Train a new classifier with just a prompt. No data needed -- but add data to boost, if you have it.
In this example, we build a classifier to remove low quality training data.
from lamini import LaminiClassifier
llm = LaminiClassifier()
prompts={
"correct": "Questions with correct answers.",
"incorrect": "Questions with incorrect answers."
}
llm.prompt_train(prompts)
llm.save("my_model.lamini")Then, predict!

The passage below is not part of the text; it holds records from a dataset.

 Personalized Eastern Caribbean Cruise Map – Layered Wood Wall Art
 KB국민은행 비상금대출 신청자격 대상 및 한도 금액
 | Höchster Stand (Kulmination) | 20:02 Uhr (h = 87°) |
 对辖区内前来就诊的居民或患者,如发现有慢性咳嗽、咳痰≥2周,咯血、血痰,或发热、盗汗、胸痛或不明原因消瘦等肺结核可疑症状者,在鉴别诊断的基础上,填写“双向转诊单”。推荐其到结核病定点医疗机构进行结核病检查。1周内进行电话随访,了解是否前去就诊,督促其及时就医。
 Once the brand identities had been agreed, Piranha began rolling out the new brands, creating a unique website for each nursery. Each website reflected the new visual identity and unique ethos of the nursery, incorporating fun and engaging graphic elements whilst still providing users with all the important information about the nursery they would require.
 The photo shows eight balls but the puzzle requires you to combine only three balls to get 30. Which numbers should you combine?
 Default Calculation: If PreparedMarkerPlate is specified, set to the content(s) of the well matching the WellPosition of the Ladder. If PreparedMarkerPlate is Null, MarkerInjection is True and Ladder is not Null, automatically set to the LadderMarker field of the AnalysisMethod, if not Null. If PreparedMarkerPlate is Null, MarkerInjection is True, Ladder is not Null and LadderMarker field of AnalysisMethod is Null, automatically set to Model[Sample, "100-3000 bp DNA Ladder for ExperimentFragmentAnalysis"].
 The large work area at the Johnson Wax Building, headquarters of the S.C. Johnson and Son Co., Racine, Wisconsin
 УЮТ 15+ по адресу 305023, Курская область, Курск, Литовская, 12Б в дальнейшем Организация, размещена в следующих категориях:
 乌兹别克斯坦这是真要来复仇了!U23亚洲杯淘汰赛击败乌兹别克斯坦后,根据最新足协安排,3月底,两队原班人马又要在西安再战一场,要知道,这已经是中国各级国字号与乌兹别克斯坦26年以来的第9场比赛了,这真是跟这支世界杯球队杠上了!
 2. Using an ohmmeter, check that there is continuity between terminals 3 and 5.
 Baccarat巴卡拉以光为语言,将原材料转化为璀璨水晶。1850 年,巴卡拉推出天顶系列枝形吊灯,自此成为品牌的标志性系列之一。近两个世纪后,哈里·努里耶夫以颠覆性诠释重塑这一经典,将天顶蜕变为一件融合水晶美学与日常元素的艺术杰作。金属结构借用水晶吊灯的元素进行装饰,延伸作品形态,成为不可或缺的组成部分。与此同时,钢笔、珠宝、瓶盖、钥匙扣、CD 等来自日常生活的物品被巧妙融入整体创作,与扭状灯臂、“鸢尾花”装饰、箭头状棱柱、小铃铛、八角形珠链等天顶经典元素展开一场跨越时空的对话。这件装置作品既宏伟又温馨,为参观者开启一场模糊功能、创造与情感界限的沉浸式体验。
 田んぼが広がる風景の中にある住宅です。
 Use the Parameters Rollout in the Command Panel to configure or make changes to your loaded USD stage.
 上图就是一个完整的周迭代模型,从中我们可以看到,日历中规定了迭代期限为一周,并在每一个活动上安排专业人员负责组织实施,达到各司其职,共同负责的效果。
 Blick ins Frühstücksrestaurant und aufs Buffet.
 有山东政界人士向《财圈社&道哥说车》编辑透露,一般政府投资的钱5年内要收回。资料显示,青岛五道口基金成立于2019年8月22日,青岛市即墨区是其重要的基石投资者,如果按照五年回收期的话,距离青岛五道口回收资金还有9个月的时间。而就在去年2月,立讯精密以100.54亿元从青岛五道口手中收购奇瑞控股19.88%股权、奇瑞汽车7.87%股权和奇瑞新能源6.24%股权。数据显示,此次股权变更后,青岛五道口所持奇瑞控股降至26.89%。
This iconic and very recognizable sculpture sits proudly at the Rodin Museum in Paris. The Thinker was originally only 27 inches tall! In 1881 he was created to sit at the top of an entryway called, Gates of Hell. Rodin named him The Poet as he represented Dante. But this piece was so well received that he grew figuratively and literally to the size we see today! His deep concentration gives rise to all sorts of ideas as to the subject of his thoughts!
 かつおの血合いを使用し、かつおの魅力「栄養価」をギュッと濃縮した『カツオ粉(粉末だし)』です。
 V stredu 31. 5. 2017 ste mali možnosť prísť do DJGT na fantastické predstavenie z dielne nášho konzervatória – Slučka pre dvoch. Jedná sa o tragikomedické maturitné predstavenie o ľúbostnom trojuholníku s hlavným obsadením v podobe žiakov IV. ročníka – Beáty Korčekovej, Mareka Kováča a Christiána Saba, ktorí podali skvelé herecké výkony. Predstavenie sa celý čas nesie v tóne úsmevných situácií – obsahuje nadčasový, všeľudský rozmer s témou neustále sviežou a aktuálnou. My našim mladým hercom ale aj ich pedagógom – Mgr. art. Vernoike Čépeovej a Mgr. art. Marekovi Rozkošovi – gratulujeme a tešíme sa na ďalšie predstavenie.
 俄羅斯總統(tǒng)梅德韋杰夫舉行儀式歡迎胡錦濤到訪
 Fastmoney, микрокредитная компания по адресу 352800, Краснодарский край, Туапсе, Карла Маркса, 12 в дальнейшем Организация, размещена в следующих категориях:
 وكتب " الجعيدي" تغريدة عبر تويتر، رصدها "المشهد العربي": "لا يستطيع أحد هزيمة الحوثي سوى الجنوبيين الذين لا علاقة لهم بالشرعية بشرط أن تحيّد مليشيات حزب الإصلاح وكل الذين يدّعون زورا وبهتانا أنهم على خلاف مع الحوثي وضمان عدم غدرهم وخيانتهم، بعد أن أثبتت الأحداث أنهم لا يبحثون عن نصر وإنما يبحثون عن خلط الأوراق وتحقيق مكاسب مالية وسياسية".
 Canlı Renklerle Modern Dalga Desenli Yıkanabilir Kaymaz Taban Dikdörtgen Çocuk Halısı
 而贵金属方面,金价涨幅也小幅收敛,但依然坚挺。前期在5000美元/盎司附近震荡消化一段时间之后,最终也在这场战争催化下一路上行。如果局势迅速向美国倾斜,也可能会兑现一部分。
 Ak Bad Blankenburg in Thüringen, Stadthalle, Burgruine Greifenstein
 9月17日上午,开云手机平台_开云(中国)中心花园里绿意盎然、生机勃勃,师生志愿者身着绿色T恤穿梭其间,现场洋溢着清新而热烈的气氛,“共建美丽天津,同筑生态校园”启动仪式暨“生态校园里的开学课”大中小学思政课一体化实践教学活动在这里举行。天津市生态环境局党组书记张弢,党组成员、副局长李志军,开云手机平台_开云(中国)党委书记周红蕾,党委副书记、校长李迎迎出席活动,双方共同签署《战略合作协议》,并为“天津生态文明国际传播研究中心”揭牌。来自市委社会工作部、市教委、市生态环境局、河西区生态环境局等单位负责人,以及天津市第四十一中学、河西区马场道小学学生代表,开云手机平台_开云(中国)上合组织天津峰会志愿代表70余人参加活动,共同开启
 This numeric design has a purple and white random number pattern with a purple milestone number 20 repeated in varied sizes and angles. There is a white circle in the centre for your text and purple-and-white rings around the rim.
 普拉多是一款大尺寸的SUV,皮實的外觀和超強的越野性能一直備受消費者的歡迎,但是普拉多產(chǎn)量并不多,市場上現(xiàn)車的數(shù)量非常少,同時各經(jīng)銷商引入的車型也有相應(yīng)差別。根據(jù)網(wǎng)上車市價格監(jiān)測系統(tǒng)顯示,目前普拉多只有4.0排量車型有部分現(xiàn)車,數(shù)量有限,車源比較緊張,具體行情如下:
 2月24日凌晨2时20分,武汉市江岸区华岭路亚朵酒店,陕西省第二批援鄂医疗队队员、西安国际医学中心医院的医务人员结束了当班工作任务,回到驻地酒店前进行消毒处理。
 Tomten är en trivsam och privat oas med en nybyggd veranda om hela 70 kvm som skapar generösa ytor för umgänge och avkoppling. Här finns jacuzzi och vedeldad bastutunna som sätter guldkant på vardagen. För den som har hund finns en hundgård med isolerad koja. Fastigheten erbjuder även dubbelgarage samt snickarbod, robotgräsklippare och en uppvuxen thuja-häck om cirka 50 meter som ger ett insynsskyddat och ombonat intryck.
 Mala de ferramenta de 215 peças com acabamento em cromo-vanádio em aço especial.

llm.predict(["Q: What is 2+2? A: The answer is 3."])
>> ["incorrect"]
llm.predict([
"Q: What is 2+2? A: The answer is 3.",
"Q: What is 2+2? A: The answer is 4.",
])
>> ["incorrect", "correct"]
This can help with improving your classifier. For example, if the LLM is ever wrong:
llm.predict(["Q: What is 2+3? A: The answer is 5."])
>> ["incorrect"] # wrong!
And your LLM classifier will learn it:
llm = LaminiClassifier()
llm.add_data_to_class("correct", "Q: What is 2+3? A: The answer is 5.")
llm.prompt_train(prompts)
llm.predict(["Q: What is 2+3? A: The answer is 5."])
>> ["correct"] # correct!
If you include data on classes that aren't in your classes, then the classifier will include them as new classes, and learn to predict them. However, without a prompt, it won't have a description to use to further boost them.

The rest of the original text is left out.